A former Freemason, on being asked by the Clerk of the Court if he had anything to say as to why the sentence of death should not be passed against him, Seddon replied at length and appealed directly to the judge, Sir Thomas Townsend Bucknill, as a brother Mason and in the name of 'The Great Architect Of The Universe' to overturn the jury's guilty verdict. According to some sources he gave the First Degree sign, according to others the Sign of Grief and Distress, begging for mercy. The judge is reported as having said, with some emotion:

It is not for me to harrow your feelings – try to make peace with your Maker.
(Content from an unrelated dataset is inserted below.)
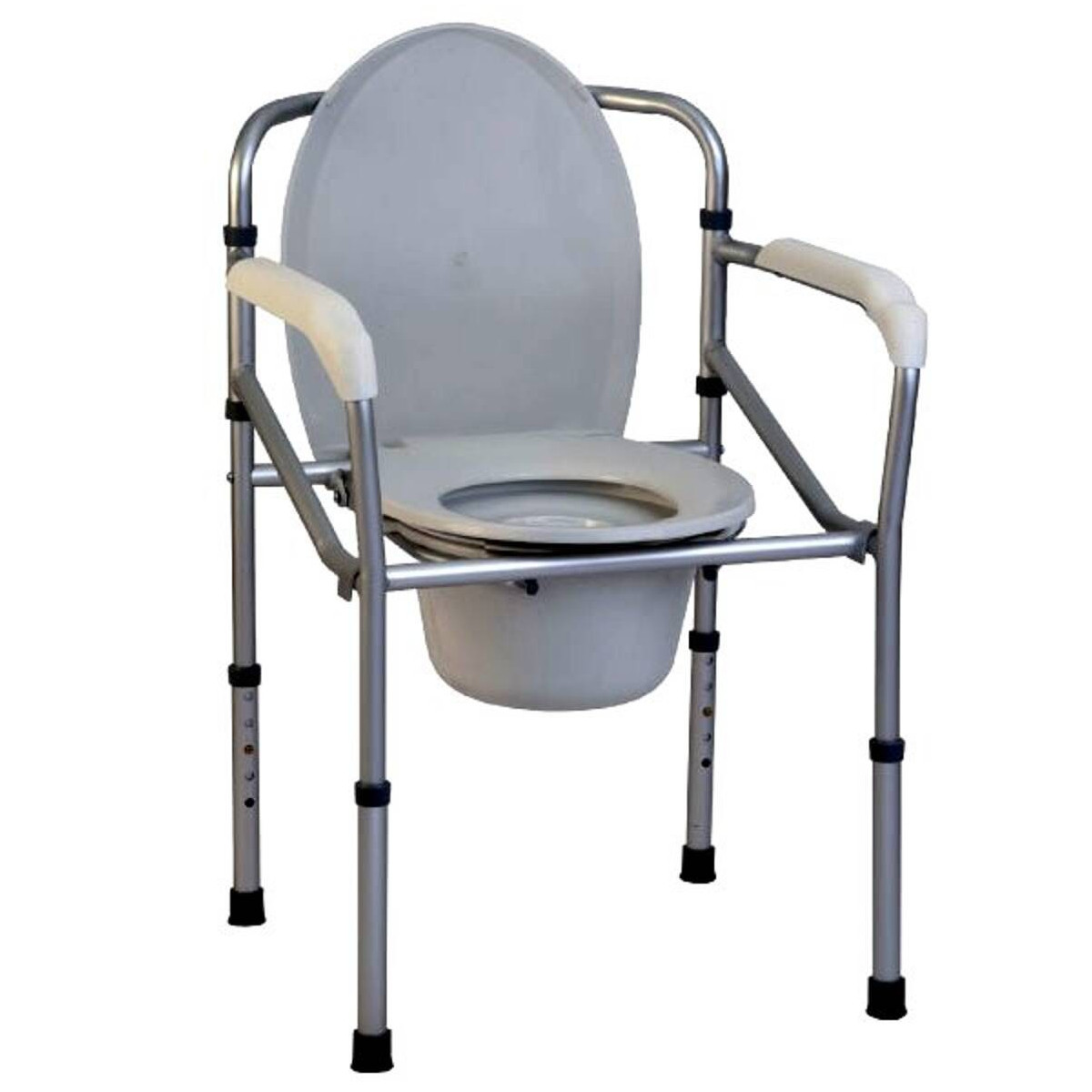 Grazie al sistema di chiusura rapida, questo modello può essere ripiegato in pochi istanti per il trasporto o per essere riposto con il minimo ingombro. È dotata di sedile regolabile in altezza (40-50 cm), braccioli ergonomici e puntali in gomma antiscivolo. Il secchio estraibile con coperchio e il convogliatore sono inclusi, assicurando massima igiene e praticità quotidiana per l'utente e per il caregiver.

We both belong to the same Brotherhood, and though that can have no influence with me this is painful beyond words to have to say what I am saying, but our Brotherhood does not encourage crime, it condemns it.

Seddon replied that he had already made his peace with his Maker. Mr Justice Bucknill then pronounced the sentence of death, and an unknown photographer took one of the only two known photographs of the black cap being actually worn while a death sentence is being pronounced. Bernard Spilsbury, who went on to become a famous pathologist and who gave evidence during the trial, was not yet involved in Freemasonry, and so the meaning of what had passed between Seddon and Bucknill was lost on him at the time. However, his colleagues who also provided forensic evidence were Masons, and they were aware of its significance.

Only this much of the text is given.